ESMO 2019: Cobimetinib Plus Atezolizumab Versus Pembrolizumab in BRAF V600 Wild-Type Melanoma
The combination treatment of the MEK inhibitor cobimetinib and the anti–PL-L1 antibody atezolizumab did not demonstrate an improvement in progression-free survival when compared with pembrolizumab in patients who have BRAF V600 wild-type melanoma. The primary analysis of the IMspire170 trial, presented by Ana M. Arance, MD, PhD, of the Hospital Clinic in Barcelona, was showcased at the 2019 European Society for Medical Oncology (ESMO) Congress (Abstract LBA69).

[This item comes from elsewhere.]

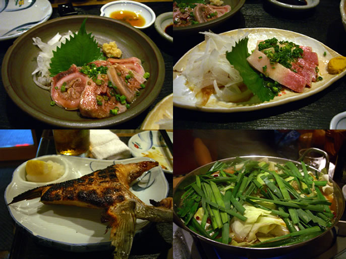 鯨の百ひろ、ベーコン、ブリかま、モツ鍋

This phase III study enrolled a total of 446 patients with previously untreated and unresectable stage III or IV BRAF V600 wild-type melanoma. Patients were randomly assigned 1:1 to receive either 60 mg of cobimetinib on days 1 through 21 plus 840 mg of atezolizumab every 2 weeks in a 28-day cycle or 200 mg of pembrolizumab every 3 weeks. Treatment was continued until there was a loss of clinical benefit, unacceptable toxicity, or consent was withdrawn.

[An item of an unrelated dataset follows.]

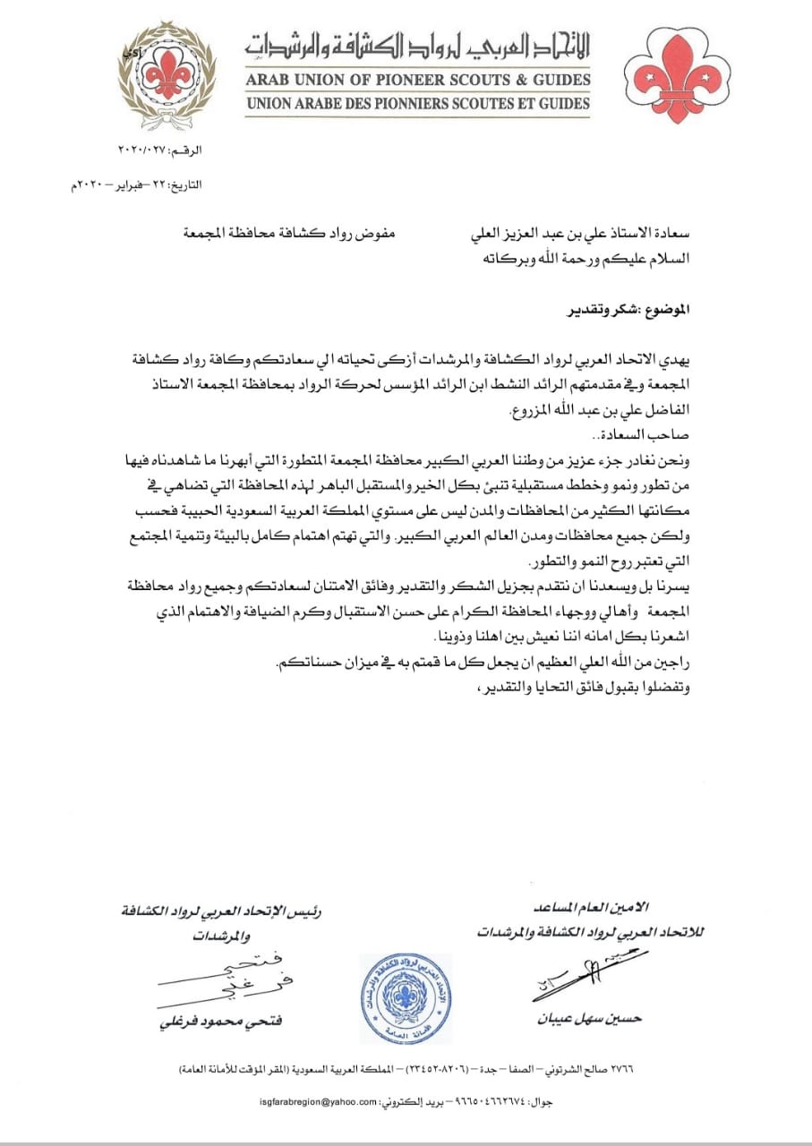 الإتحاد العربي لرواد الكشافة و المرشدات V Twitter بعث رئيس

Approximately 68% of patients included in this study had PD-L1–positive tumors, and 25% of the patients had levels of lactate dehydrogenase above the upper limit of normal. The median follow-up for all patients was 7 months.
The combination treatment of cobimetinib and atezolizumab did not significantly improve progression-free survival compared with pembrolizumab (5.5 vs. 5.7 months). The objective response rate was 26% in patients assigned to receive the combination treatment and 32% in the pembrolizumab group. Disease control rates were 46% and 44% with cobimetinib plus atezolizumab and with monotherapy, respectively. The median overall survival rates could not be reached in either arm of the study.

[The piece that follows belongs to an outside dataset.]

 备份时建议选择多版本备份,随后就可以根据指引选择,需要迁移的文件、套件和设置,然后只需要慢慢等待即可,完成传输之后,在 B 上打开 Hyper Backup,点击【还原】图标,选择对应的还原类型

Grade 3 or higher adverse events occurred in 67% of patients treated with the combination therapy compared with 33% of patients treated with pembrolizumab. Adverse events led to discontinuation of treatment for 12% of patients receiving the combination therapy and 6% of patients receiving monotherapy.
Disclosure: Full disclosures of the study authors can be found at cslide.ctimeeting.com.